*EXERCISE AIM*. Please set down the data word for word; images do not go in the copy.

*DATA BELOW*.
▼
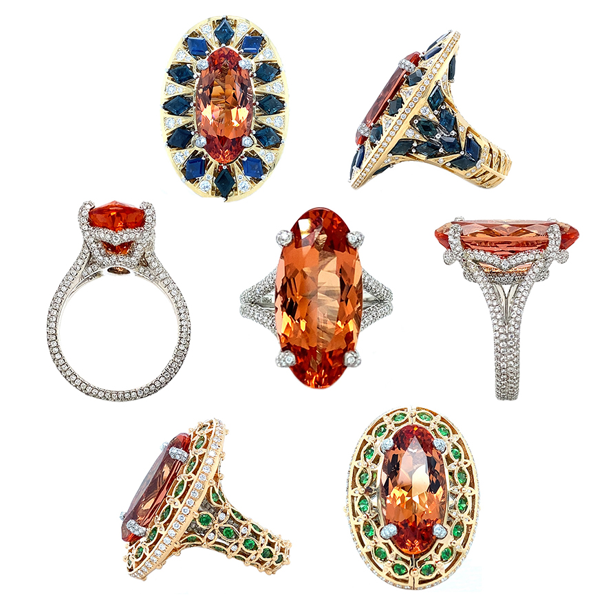 Inside, Outside, Upside Down ring set is made in 18K white, rose and yellow gold with two hinged, snap-in interchangeable jackets featuring tsavorite garnets (1.36 TCW) and diamonds (0.61 TCW) and diamond-cut blue sapphires (5.96 TCW) and white diamonds (1.60 TCW) designed to cradle a split-shank ring with an 11.96-carat moval-shape Imperial topaz and diamonds (2.46 TCW), $155,000
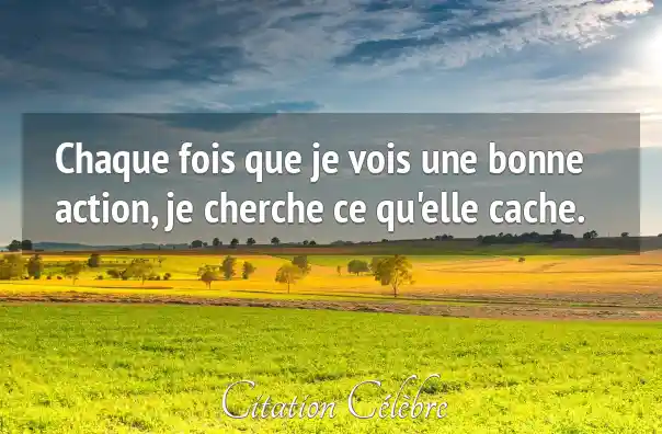 Chaque fois que je vois une bonne action, je cherche ce qu'elle cache.
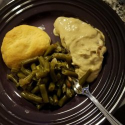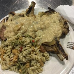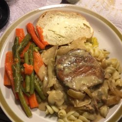 1Season pork chops with salt, pepper, and garlic powder, and then dredge in 1/2 cup flour. In a skillet over medium heat, lightly brown chops in a small amount of oil.
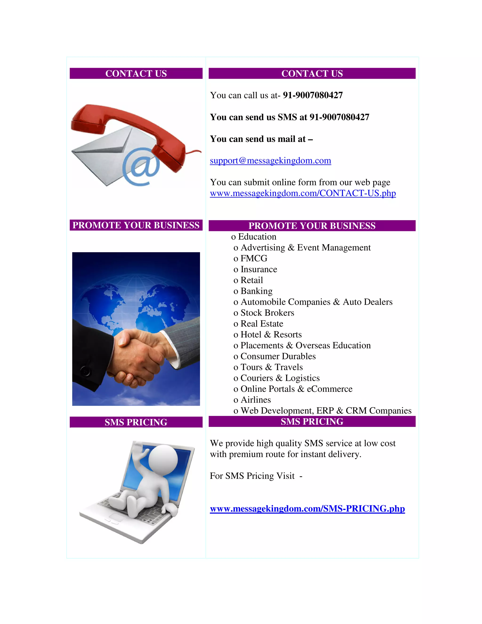 Message Kingdom is a bulk SMS service that allows users to send a large number of SMS messages from their computer through a web-based interface. It provides an affordable communication solution for businesses to promote themselves and market their products. New users can register, get login credentials via SMS, and begin sending messages immediately by composing, selecting recipients, and clicking send.
▲
*OUTPUT FOR THIS EXERCISE*.
 Inside, Outside, Upside Down ring set is made in 18K white, rose and yellow gold with two hinged, snap-in interchangeable jackets featuring tsavorite garnets (1.36 TCW) and diamonds (0.61 TCW) and diamond-cut blue sapphires (5.96 TCW) and white diamonds (1.60 TCW) designed to cradle a split-shank ring with an 11.96-carat moval-shape Imperial topaz and diamonds (2.46 TCW), $155,000
 Chaque fois que je vois une bonne action, je cherche ce qu'elle cache.
 1Season pork chops with salt, pepper, and garlic powder, and then dredge in 1/2 cup flour. In a skillet over medium heat, lightly brown chops in a small amount of oil.
 Message Kingdom is a bulk SMS service that allows users to send a large number of SMS messages from their computer through a web-based interface. It provides an affordable communication solution for businesses to promote themselves and market their products. New users can register, get login credentials via SMS, and begin sending messages immediately by composing, selecting recipients, and clicking send.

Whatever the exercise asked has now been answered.